Difference between revisions of "Victoria"
Revision as of 10:10, 26 May 2008
Disclaimer - I wrote this based on research I did into the topic and the experience I gained engineering my car in Victoria. Certain things may have changed since then, but I will endeavour to keep this article accurate. This remains a guide, although I will try keep it update. --Philbey 20:10, 26 May 2008 (EST)
Who to talk to:
-VASS Approved Engineers (Link to list from this page)
Take a look at the Modification Guide on Vicroads. Most questions should be answered in here:
Also, for some of the more esoteric questions, from bonnet scoops to baby seats, this list of bulletins should have you covered:
Cut to the chase, if your engine upgrade isn't a factory option for that car, it needs engineering. Although I'm not certain, I believe a 5k needs engineering into a corolla, given that it was never an option. 4k's into early models dont seem to be a problem.
So, you more than likely need to have it engineered. In order to do this, you need to see a VASS engineer from the link above. There's a few around so you should be able to find one nearby.
When I engineered my car, (CA18 Turbo Bluebird) the engineering process was fairly straightforward. I left the car with him for a few hours and he did a comprehensive look over the car and gave me a list of items that needed fixing or upgrading on the car. It was a bolt in upgrade so no in depth investigations had to be made on cut and shut items or custom fabbed parts.
I then went and fixed/upgraded all these items and brought it back. There were a few things I did wrong and a bit of back and forth, and the car was engineered.
Main items were to do with roadworthiness. Bushes, brake cylinder leaks, frayed seatbelts. Exhaust had to meet the noise requirement (92dBa) and the brakes had to be tested.
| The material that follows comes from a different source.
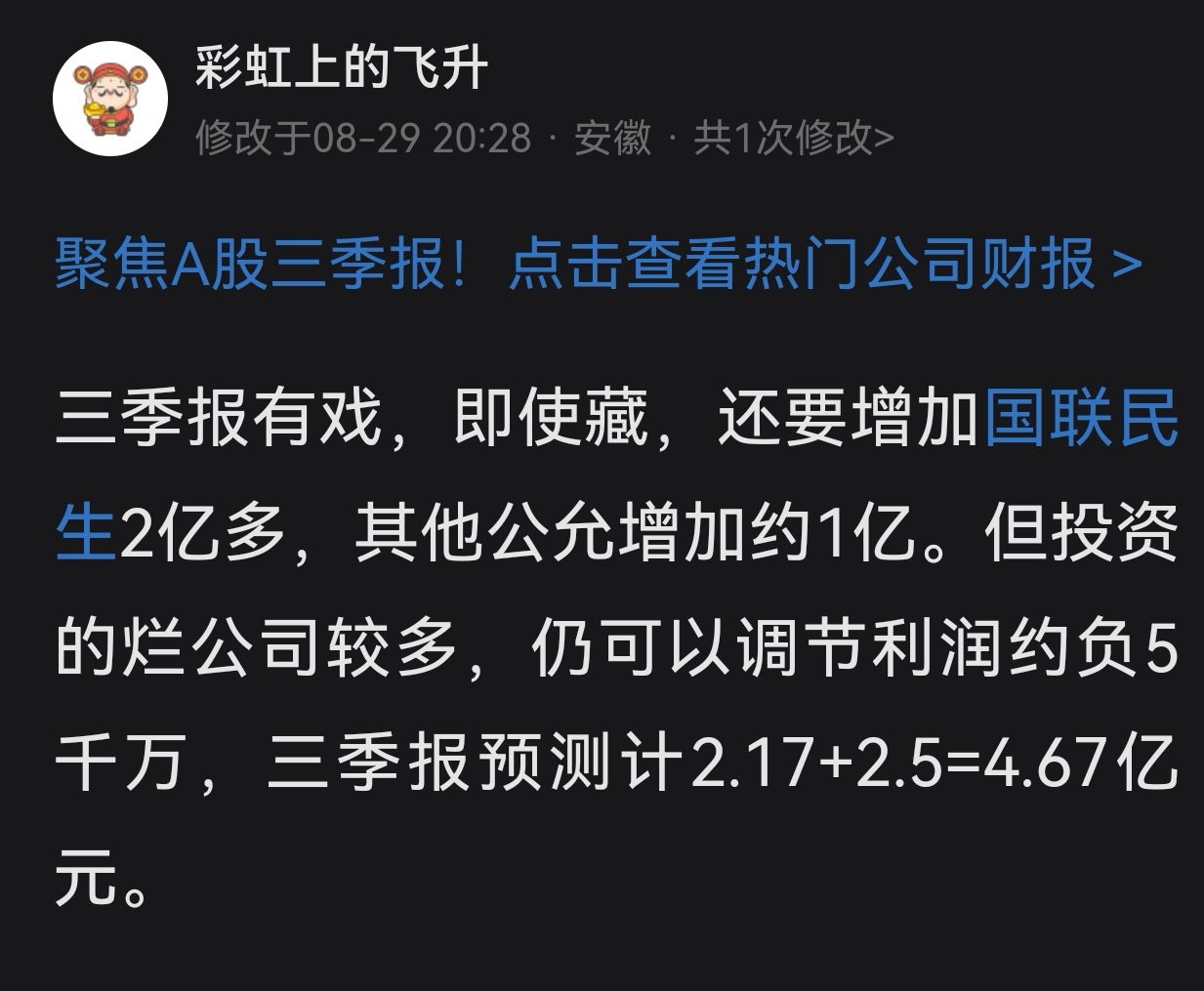 $鲁信创投(SH600783)$ 三季度国联民生8月份预计赚2亿,9月底却只赚0.8亿,应减计1.2亿,没想到。本人预测净利润4.6亿减1.2亿=3.4亿,与发布的净利润基本一致,一切尽在掌握中。

The brake test consisted of 8 stops from 60kmh and 2 stops from 100kmh. I had a bolt in brake upgrade so these were passed with no issues. They use and accelerometer to measure deceleration and a pressure sensor on the pedal. The values have to be fairly close across all 10 braking stops for it to pass, but I am unsure if they require a certain Gforce.
The engineering cost ~$600 not including the work I had to do to fix it. Once again, I was fortunate that it was a straightforward bolt in item. The engineer also mentioned I was lucky it wasn't a slightly older car because it would have had to conform with much stricter emissions laws.
Once again, I need to highlight the fact that the car had to be roadworthy, and most of my time was spent fixing niggly little roadworthy items. The engineer gave me a roadworthy certificate as well as the engineering certificate so that I could register it. Vicroads keeps a copy of the Eng Cert, the Engineer keeps a copy and I got a copy. You have 30 days to register once you get the certificate.
Once again, this is my experience with the system. Custom mods will require the engineer to inspect welds and custom fab parts to make sure they conform to the required standards.